Python - Webscraping:无法从字典中获取单个项目
Python - Webscraping: Fails to get single item from dictionary
我有一个脚本可以添加(抓取)字典链接,然后分别抓取每个链接:
def get_products():
links = []
for x in range(1,3):
url1 = f"https://www.kaufland.de/category/39251/p{x}/"
r = s.get(url1)
items = r.html.find('div.results')
for item in items:
rawlinks = str(item.find('a'))
list1 = re.findall(r"[0-9]{9}", rawlinks)
result = ['https://www.kaufland.de/product/' + direction for direction in list1]
links.append(result)
for link in links:
wcapi = API(
url='https://s-qmzs9fc4fs3c.eu1.wpsandbox.org/',
consumer_key='ck_365febfbc43beca56bef990b20cb88db6022a5cd',
consumer_secret='cs_05c93973ffb6bc467483bf0105cd730a288dd405',
version="wc/v3"
)
r = requests.get(link)
html = r.text
soup = BeautifulSoup(html, 'html.parser')
title = soup.find('h1').text.strip()
price = soup.find('div', {'class':'rd-buybox__price'}).text.strip().replace(' €', '').replace(',', '.')
product_data = soup.find_all('script')[2] # 3rd script tag
product_data = str(product_data).partition('return {')[-1]
product_data = '{' + product_data.split('}(')[0] + '}'
saleprice = price
try:
ean = str(re.findall('[0-9]{13}' , product_data)[0])
except:
ean = ""
try:
brand = str(re.findall('id:[0-9]{8},name:"(.+?)"', product_data))
except:
brand = ""
try:
description = str(re.findall('descriptionHtml:"(.+?)"', product_data)).replace('\u003E', '').replace('\u003Cbr', '').replace('\u003Cli', '').replace('\u003C', '').replace('\u002Fli', '').replace('\u002F', '').replace('\\u002Fb', '').replace('\b', '').replace('\p', '')
except:
description = ""
try:
imgs = str(re.findall('fallbackSrc:"(.+?)"' , product_data))
except:
imgs = "https://www.anchorpackaging.com/wp-content/uploads/2016/10/SampleKit.jpg"
id = ''.join([random.choice(string.digits) for n in range(2)])

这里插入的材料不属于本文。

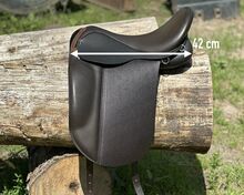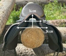 Mycket kort islandssadel 40 cm 17" KW34 - Frakt på prov - Islandssadel Töltsattel Islandshäst - Mycket kort isländsk sadel för raka ryggar - 17" - sits ca 40 cm (total längd 42 cm) - KW 34 - bred ryggkanal (se foton för mått). Leverans efter godkännande (försäkrad med DHL-spårningsnummer).

sku = ''.join([random.choice(string.digits) for n in range(7)])
scraped = {
"name": title,
"type": "simple",
"regular_price": price,
"stock_quantity": id,
"short_description": "Hersteller: " + brand.replace("']", "").replace("['", "") + ", " + "EAN: " + ean,
"description": description,
"categories": [
{
"id": id
}
],
"images": [
{
"src": imgs.replace('\\', '\').replace('\u002F', '/').replace(" '", "").replace("'", "").split(",")[1],
"alt": "img"
},
{
"src": imgs.replace('\\', '\').replace('\u002F', '/').replace(" '", "").replace("'", "").split(",")[2],
"alt": "img"
},
{
"src": imgs.replace('\\', '\').replace('\u002F', '/').replace(" '", "").replace("'", "").split(",")[3],
"alt": "img"
}
],
}
wcapi.post('products', scraped)
print(scraped)
print(get_products())
它给了我错误:requests.exceptions.InvalidSchema:没有找到“['link1, link2, link3 ']”的连接适配器,因此打印了 url 而不是 link1,我只是为了便于阅读而没有把它们写在这里.为什么我的脚本无法单独使用每个字典项,而是尝试连接到整个字典?
我认为你的问题在行内
links.append(result)
你想要
links.extend(result)
我有一个脚本可以添加(抓取)字典链接,然后分别抓取每个链接:
def get_products():
links = []
for x in range(1,3):
url1 = f"https://www.kaufland.de/category/39251/p{x}/"
r = s.get(url1)
items = r.html.find('div.results')
for item in items:
rawlinks = str(item.find('a'))
list1 = re.findall(r"[0-9]{9}", rawlinks)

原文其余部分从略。